### WORK REQUEST
Omit all images, then repeat exactly the lines below from the one containing "Organizatorem VI Przeglądu" through the one containing "Hagströms skolans barn", both ends included.

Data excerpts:
---*---

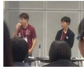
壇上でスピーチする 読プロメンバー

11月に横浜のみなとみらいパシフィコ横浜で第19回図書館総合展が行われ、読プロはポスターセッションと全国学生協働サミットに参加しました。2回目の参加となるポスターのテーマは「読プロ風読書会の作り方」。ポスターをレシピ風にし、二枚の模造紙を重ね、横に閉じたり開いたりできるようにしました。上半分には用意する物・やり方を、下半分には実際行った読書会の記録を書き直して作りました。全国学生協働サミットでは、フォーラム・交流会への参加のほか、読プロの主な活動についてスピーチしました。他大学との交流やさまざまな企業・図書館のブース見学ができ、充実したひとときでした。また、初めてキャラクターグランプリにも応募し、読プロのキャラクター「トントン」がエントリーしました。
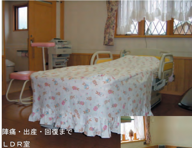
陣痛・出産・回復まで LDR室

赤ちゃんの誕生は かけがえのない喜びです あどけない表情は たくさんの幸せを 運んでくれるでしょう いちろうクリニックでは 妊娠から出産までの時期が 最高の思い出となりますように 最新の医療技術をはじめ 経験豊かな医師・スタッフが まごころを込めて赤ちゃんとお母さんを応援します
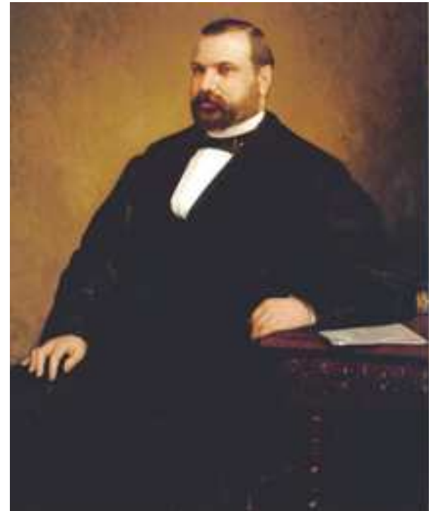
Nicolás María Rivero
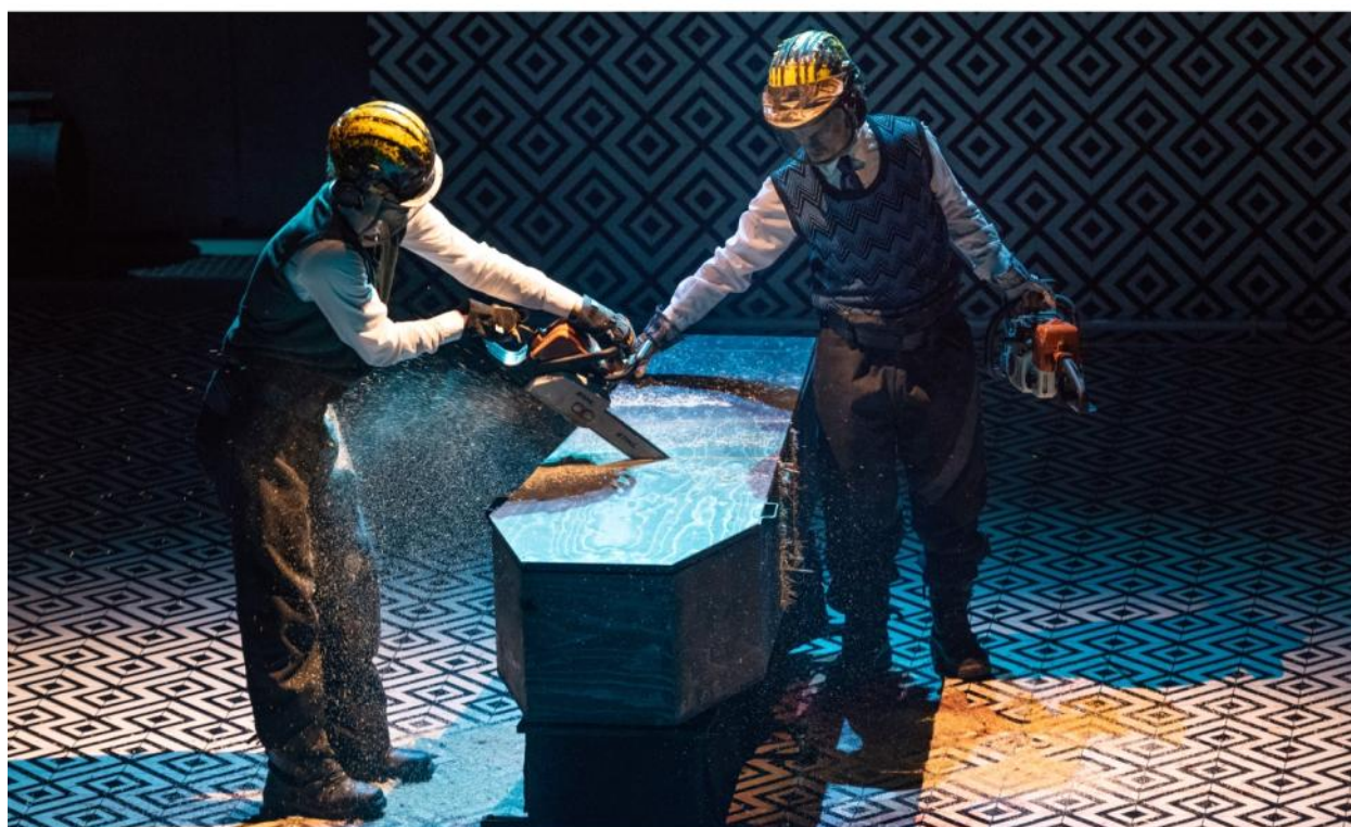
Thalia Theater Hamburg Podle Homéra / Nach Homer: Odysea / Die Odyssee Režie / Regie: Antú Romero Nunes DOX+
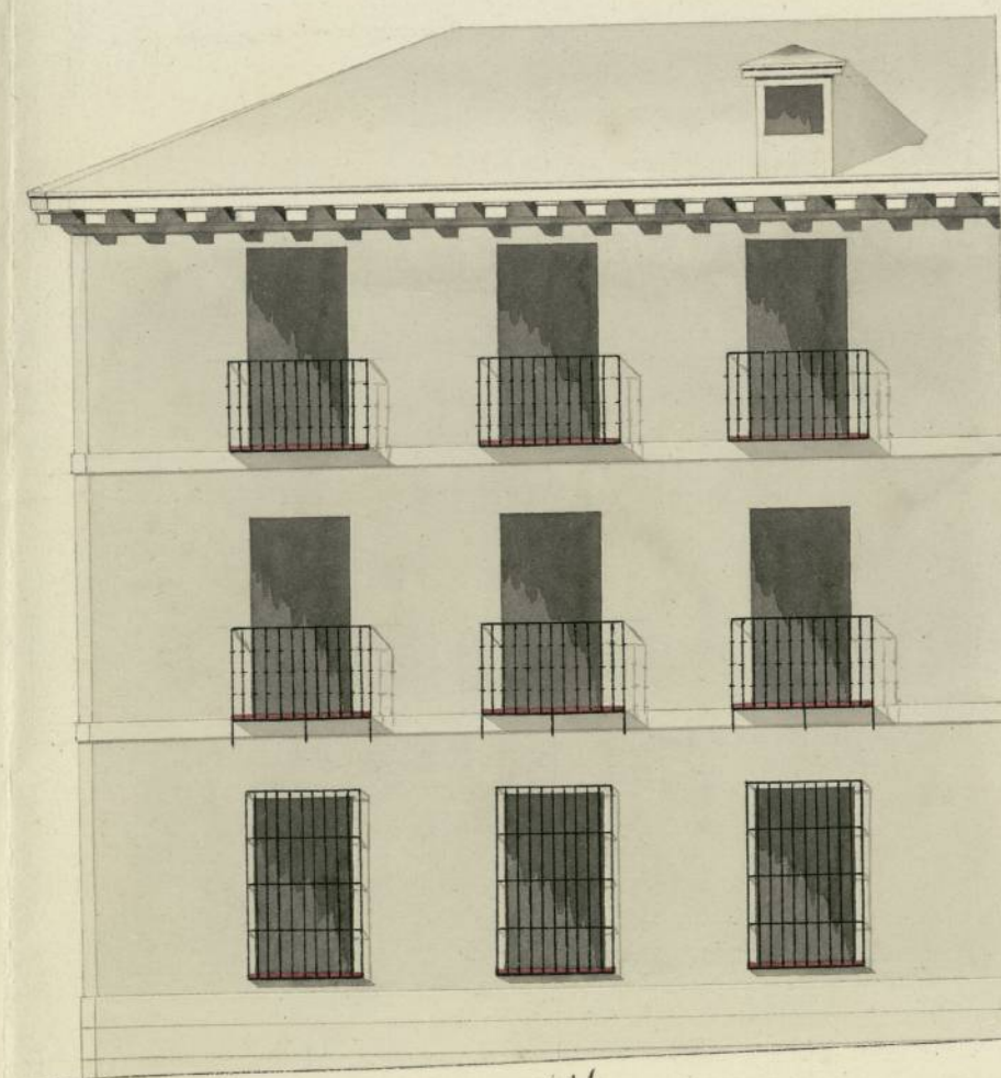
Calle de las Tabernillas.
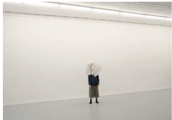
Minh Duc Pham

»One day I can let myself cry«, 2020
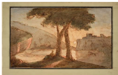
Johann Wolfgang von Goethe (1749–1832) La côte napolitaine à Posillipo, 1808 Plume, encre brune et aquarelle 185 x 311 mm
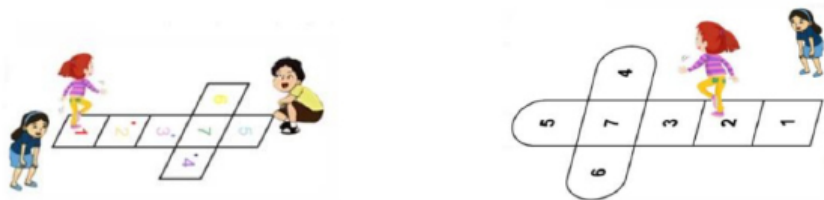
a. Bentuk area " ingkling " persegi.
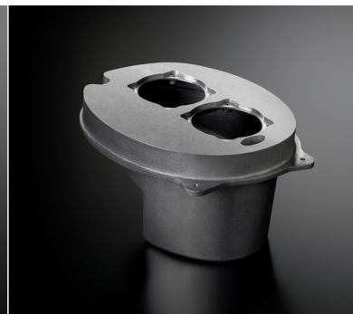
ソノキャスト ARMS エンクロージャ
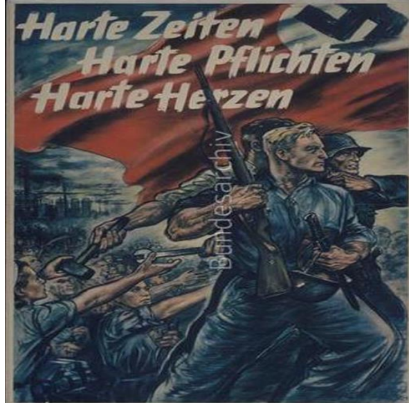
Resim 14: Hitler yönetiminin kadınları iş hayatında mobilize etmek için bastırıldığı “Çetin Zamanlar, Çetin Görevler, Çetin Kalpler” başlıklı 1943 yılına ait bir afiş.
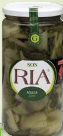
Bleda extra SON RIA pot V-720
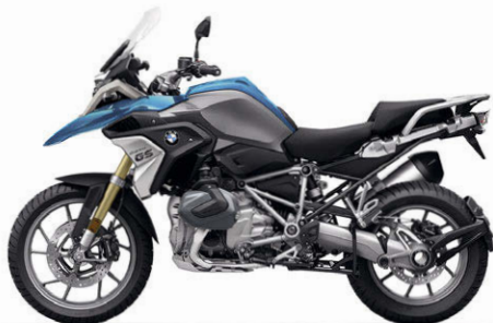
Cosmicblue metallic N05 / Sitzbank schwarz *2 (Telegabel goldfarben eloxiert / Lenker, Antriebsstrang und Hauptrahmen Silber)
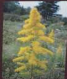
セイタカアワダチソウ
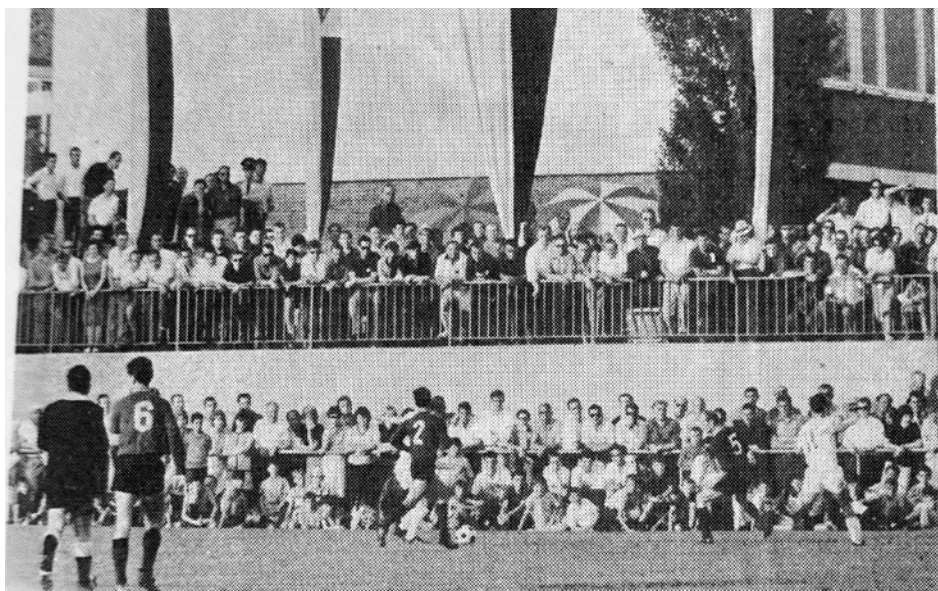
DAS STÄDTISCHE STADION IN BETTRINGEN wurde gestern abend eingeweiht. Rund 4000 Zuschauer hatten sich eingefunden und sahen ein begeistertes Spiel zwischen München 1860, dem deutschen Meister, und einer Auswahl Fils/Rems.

---*---

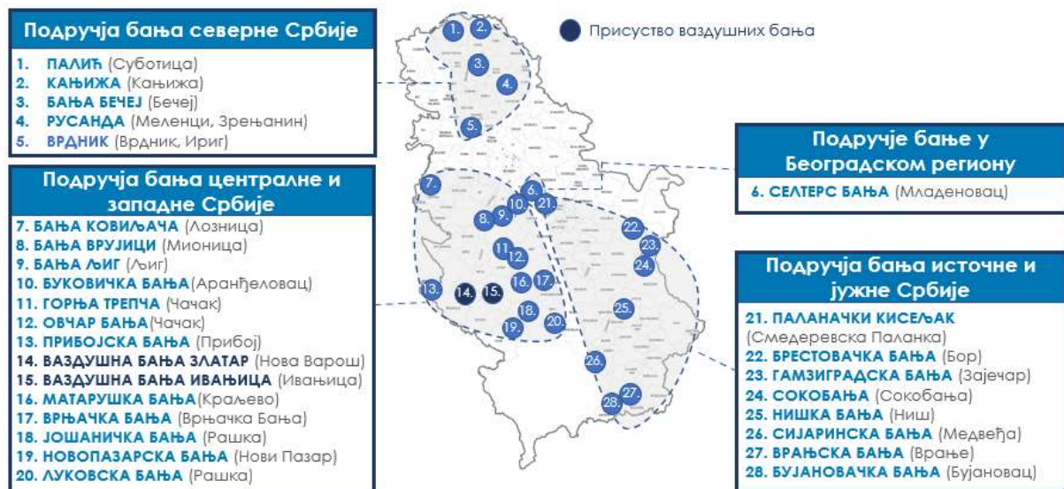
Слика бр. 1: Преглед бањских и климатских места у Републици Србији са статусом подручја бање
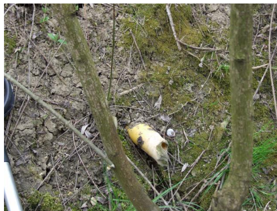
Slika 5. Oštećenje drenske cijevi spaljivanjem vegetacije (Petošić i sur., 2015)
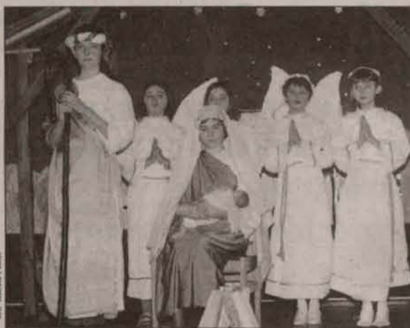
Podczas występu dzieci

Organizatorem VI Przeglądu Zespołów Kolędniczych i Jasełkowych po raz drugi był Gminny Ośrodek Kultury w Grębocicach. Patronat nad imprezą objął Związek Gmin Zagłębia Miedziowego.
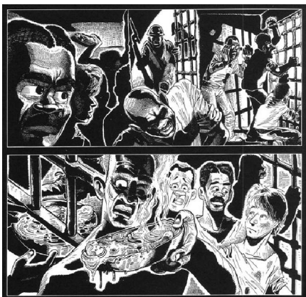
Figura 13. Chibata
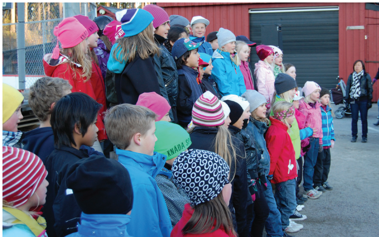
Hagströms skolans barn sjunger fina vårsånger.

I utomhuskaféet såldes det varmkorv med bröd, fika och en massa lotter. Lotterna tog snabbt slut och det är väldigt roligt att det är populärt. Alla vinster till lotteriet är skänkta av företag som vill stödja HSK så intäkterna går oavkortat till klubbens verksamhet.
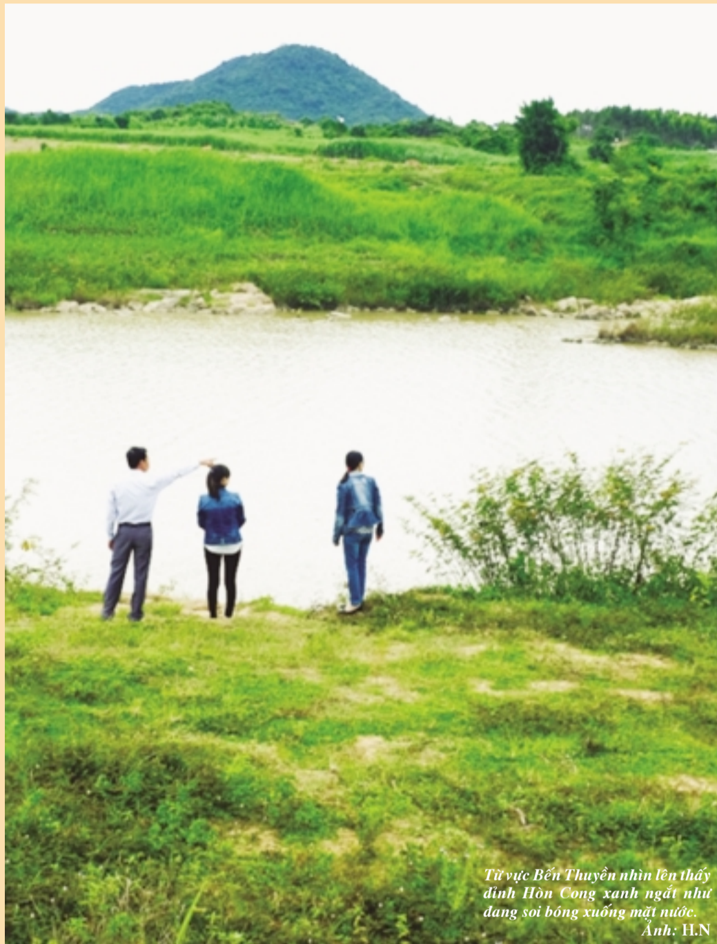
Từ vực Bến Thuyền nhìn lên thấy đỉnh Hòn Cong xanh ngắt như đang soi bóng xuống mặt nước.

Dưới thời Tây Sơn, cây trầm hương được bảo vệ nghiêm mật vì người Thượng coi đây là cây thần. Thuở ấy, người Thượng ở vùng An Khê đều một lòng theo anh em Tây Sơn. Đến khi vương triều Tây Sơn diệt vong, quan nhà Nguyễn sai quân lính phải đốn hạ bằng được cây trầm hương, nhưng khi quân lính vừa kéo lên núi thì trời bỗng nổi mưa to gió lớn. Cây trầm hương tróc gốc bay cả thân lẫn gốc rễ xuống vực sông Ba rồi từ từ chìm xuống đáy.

---*---

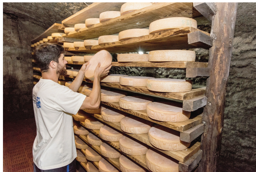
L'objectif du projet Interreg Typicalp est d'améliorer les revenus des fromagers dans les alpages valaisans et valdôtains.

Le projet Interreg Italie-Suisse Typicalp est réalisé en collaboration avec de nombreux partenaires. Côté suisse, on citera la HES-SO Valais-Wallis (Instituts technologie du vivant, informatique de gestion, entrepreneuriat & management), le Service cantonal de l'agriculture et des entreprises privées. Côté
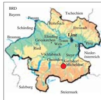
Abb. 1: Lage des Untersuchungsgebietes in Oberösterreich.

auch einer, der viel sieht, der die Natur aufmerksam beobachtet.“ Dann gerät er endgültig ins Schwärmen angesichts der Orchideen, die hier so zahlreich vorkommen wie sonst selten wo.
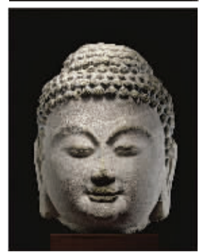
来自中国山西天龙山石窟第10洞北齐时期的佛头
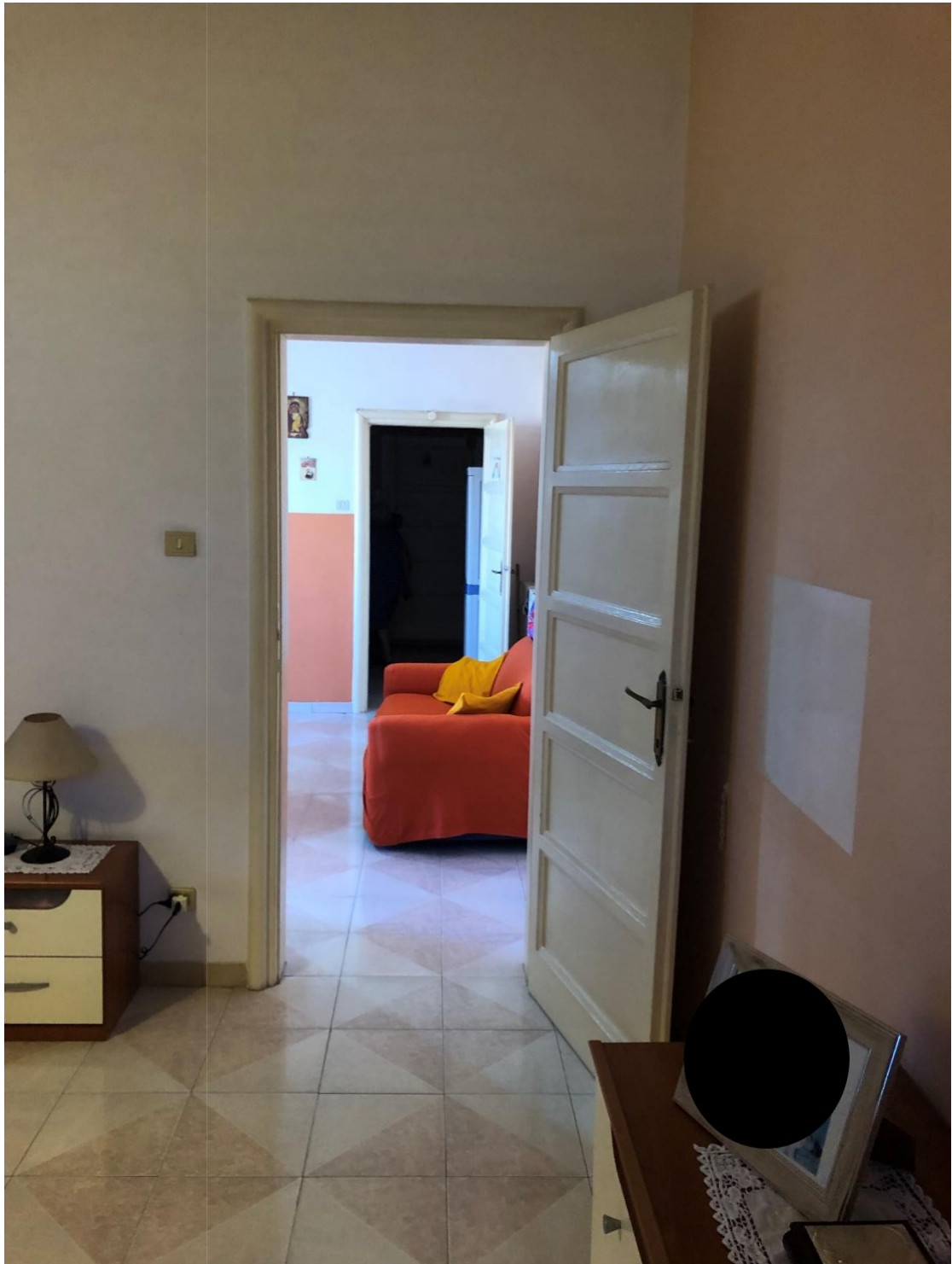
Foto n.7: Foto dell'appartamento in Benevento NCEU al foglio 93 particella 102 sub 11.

---*---

### TASK ANSWER
Organizatorem VI Przeglądu Zespołów Kolędniczych i Jasełkowych po raz drugi był Gminny Ośrodek Kultury w Grębocicach. Patronat nad imprezą objął Związek Gmin Zagłębia Miedziowego.
Figura 13. Chibata
Hagströms skolans barn sjunger fina vårsånger.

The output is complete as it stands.